Fordlow might boast of its church, its school, its annual
concert, and its quarterly penny reading, but the hamlet did not envy it these amenities,
for it had its own social centre, warmer, more human, and altogether preferable
in the taproom of the 'Wagon and Horses'.

There the adult male population gathered every evening, to
sip its half-pints, drop by drop, to make them last, and to discuss local events,
wrangle over politics or farming methods, or to sing a few songs 'to oblige'.

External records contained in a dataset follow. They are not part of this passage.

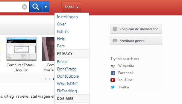 DuckDuckGo speelt in op privacy en dat zie je terug als je de add-on hebt geïnstalleerd op je webbrowser of opent via het web. Op de pagina van de zoekmachine zie je naast de zoekbalk een klein rood blokje met Meer erop staan. Als je deze aanklikt en je gaat naar Instellingen dan valt meteen op dat alle opties op default staan. De machine geeft dus geen informatie over vanaf waar je het internet bezoekt, waar je naar zoeken via welk ip-adres je er bent gekomen. Je kunt die instellingen aanpassen naar eigen wens, dit was met de Epic Privacy Browser wel anders. Je geeft zo wel deels je identiteit prijs.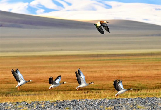 一只赤麻鸭(上)和一群斑头雁在保护区尼玛县那若塘湿地上飞翔。新华社记者张汝锋 摄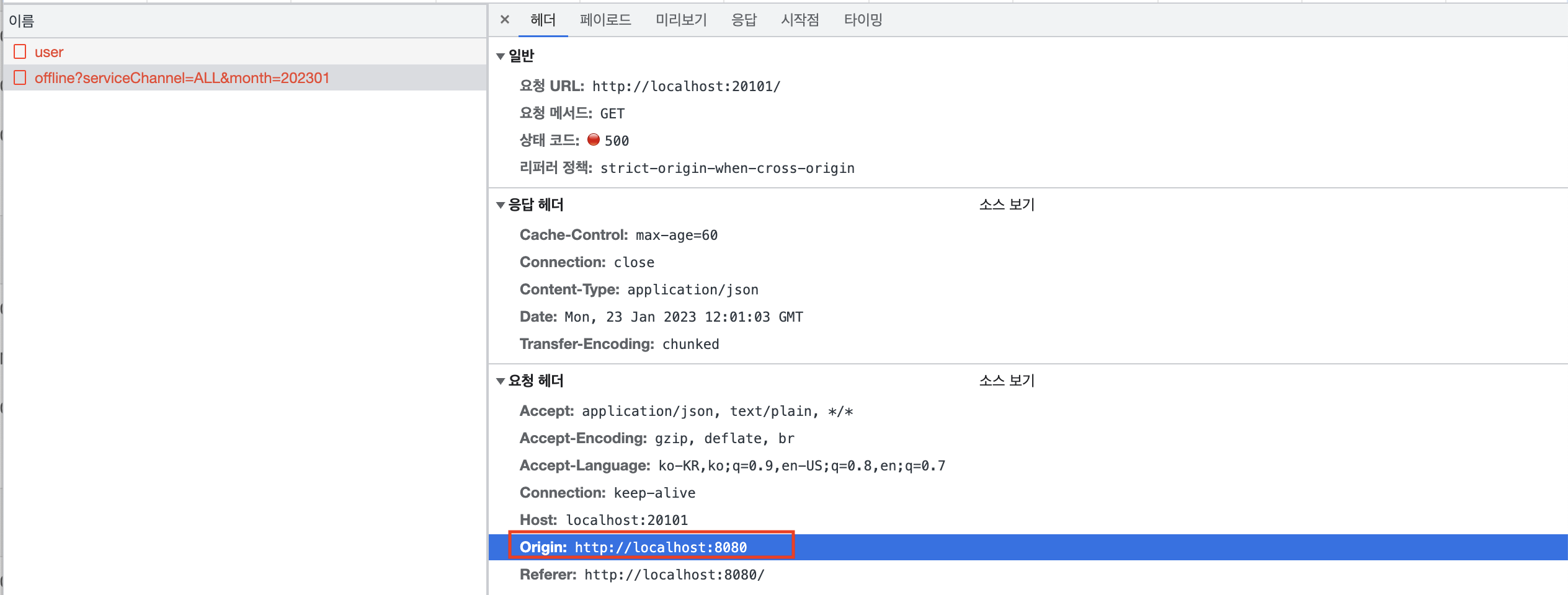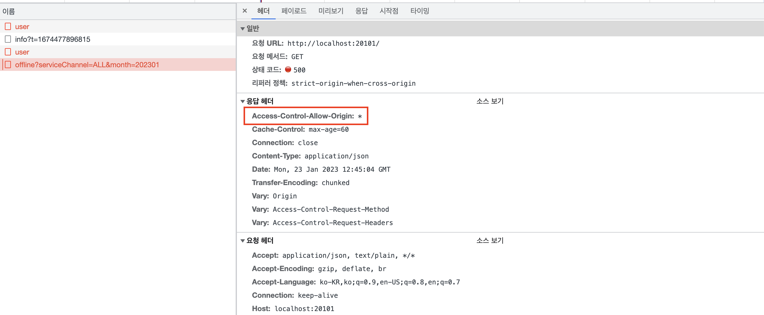 서버에서 응답 헤더에 Access-Control-Allow-Origin 값을 설정해주는 부분이 없으니, 브라우저에서 서버가 보내준 응답 헤더를 보면 Access-Control-Allow-Origin이 보이지 않는다.

It was an innocent gathering. None of them got drunk; they
had not money enough, even with beer, and good beer, at twopence a pint. Yet
the parson preached from the pulpit against it, going so far on one occasion as
to call it a den of iniquity. ''Tis a great pity he can't come an' see what
it's like for his own self,' said one of the older men on the way home from
church. 'Pity he can't mind his own business,' retorted a younger one. While
one of the ancients put in pacifically, 'Well, 'tis his business, come to think
on't. The man's paid to preach, an' he's got to find summat to preach against,
stands to reason.'

Only about half a dozen men held aloof from the circle and
those were either known to 'have religion', or suspected of being 'close wi'
their ha'pence'.

The others went as a matter of course, appropriating their
own special seats on settle or bench. It was as much their home as their own cottages,
and far more homelike than many of them, with its roaring fire, red window
curtains, and well-scoured pewter.

To spend their evenings there was, indeed, as the men argued,
a saving, for, with no man in the house, the fire at home could be let die down
and the rest of the family could go to bed when the room got cold. So the men's
spending money was fixed at a shilling a week, sevenpence for the nightly
half-pint and the balance for other expenses. An ounce of tobacco, Nigger Head brand,
was bought for them by their wives with the groceries.

It was exclusively a men's gathering. Their wives never
accompanied them; though sometimes a woman who had got her family off hand, and
so had a few halfpence to spend on herself, would knock at the back door with a
bottle or jug and perhaps linger a little, herself unseen, to listen to what
was going on within. Children also knocked at the back door to buy candles or
treacle or cheese, for the innkeeper ran a small shop at the back of his premises,
and the children, too, liked to hear what was going on. Indoors, the
innkeeper's children would steal out of bed and sit on the stairs in their nightgowns.
The stairs went up from the taproom, with only the back of the settle between,
and it gave the men a bit of a shock one night when what looked at first sight
like a big white bird came flopping down among them. It was little Florrie, who
had gone to sleep on the stairs and fallen. They nursed her on their knees,
held her feet to the fire, and soon dried her tears, for she was not hurt, only
frightened.

The children heard no bad language beyond an occasional 'b——'
or 'd——', for their mother was greatly respected and the merest hint of anything
stronger was hushed by nudges and whispers of, 'Don't forget Landlady', or
'Mind! 'Ooman present'. Nor were the smutty songs and stories of the fields
ever repeated there; they were kept for their own time and place.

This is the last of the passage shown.